*Your instructions:*
Skip all pictures. Write out the data below from its first line through the line that contains "なし | 車検制限 | R03年12月1月 |".

*Provided data:*
= Beginning of Section =

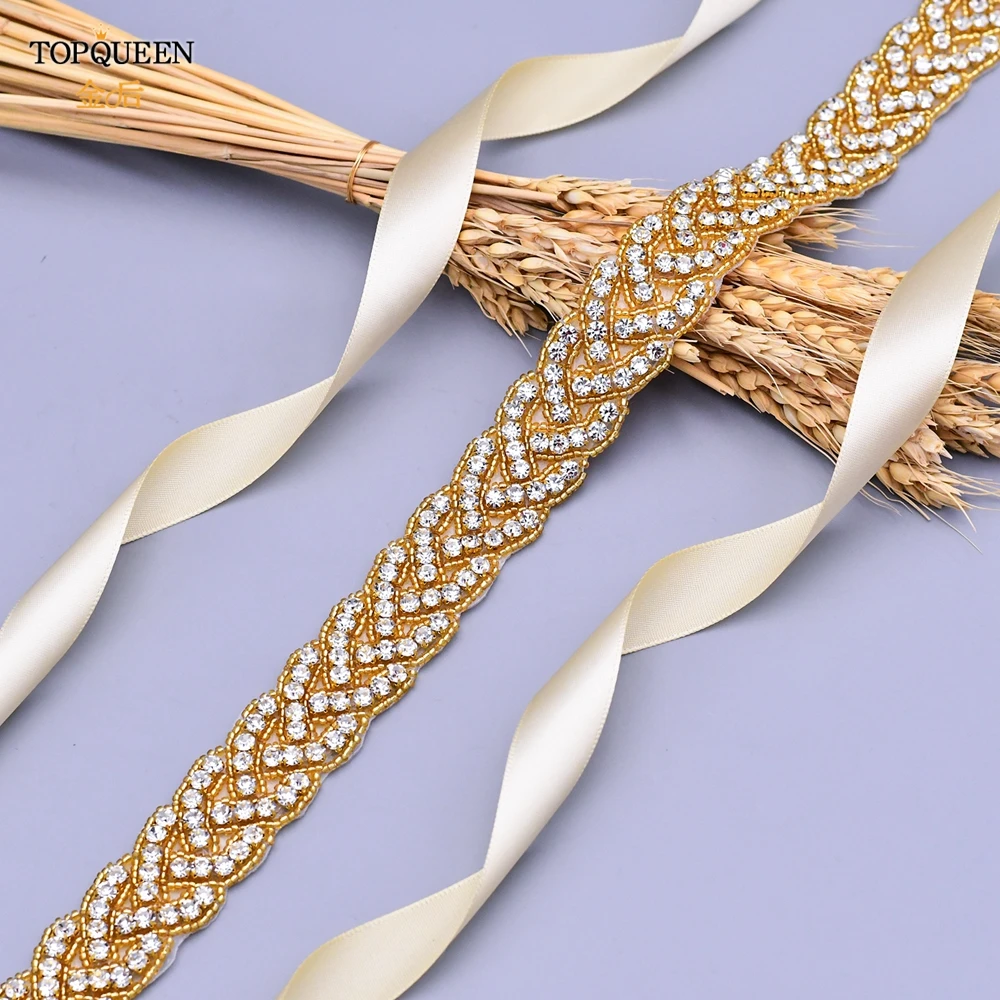 TOPQUEEN S216 свадебный пояс ручной работы, полный пояс со стразами для свадебного платья, Роскошные вечерние женские аксессуары с аппликацией
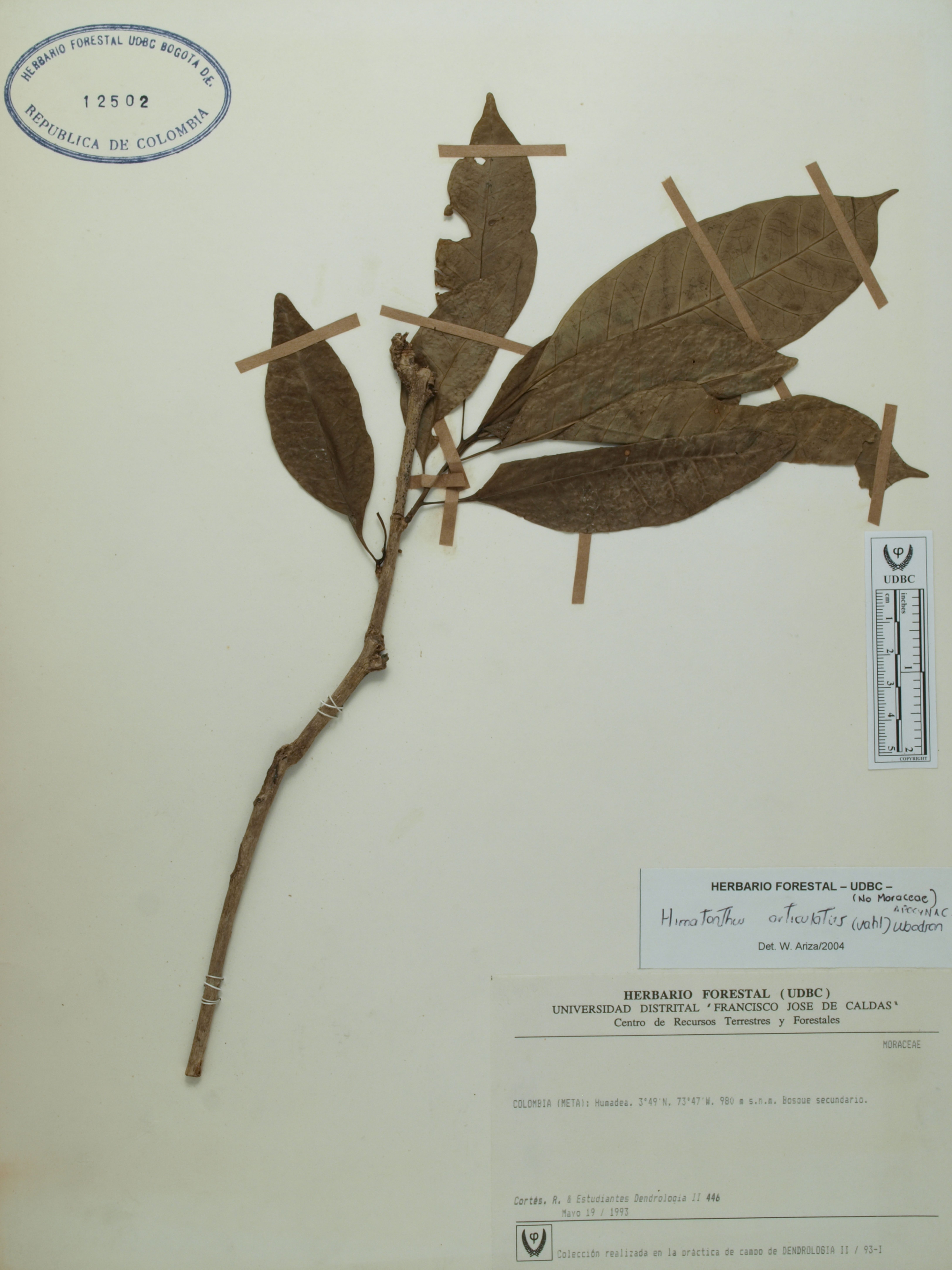 | dc.description | Fotografía del ejemplar Cortés-B., R. 446, determinado como Himatanthus articulatus en el año 2004 | |
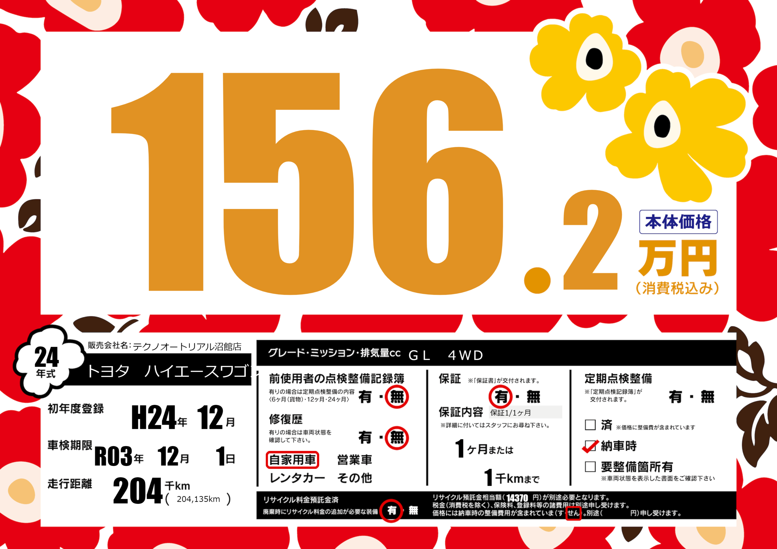 なし | 車検制限 | R03年12月1月 |
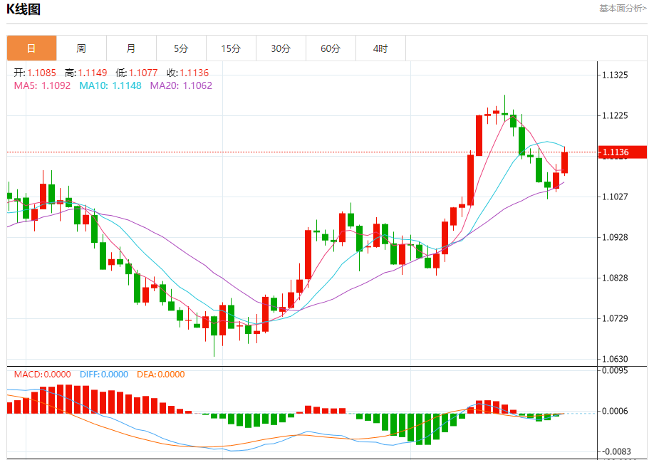 今日周四,截止目前欧元兑美元报1.1137,上涨0.46%。

= End of Section =

*Result of the exercise:*
 TOPQUEEN S216 свадебный пояс ручной работы, полный пояс со стразами для свадебного платья, Роскошные вечерние женские аксессуары с аппликацией
 | dc.description | Fotografía del ejemplar Cortés-B., R. 446, determinado como Himatanthus articulatus en el año 2004 | |
 なし | 車検制限 | R03年12月1月 |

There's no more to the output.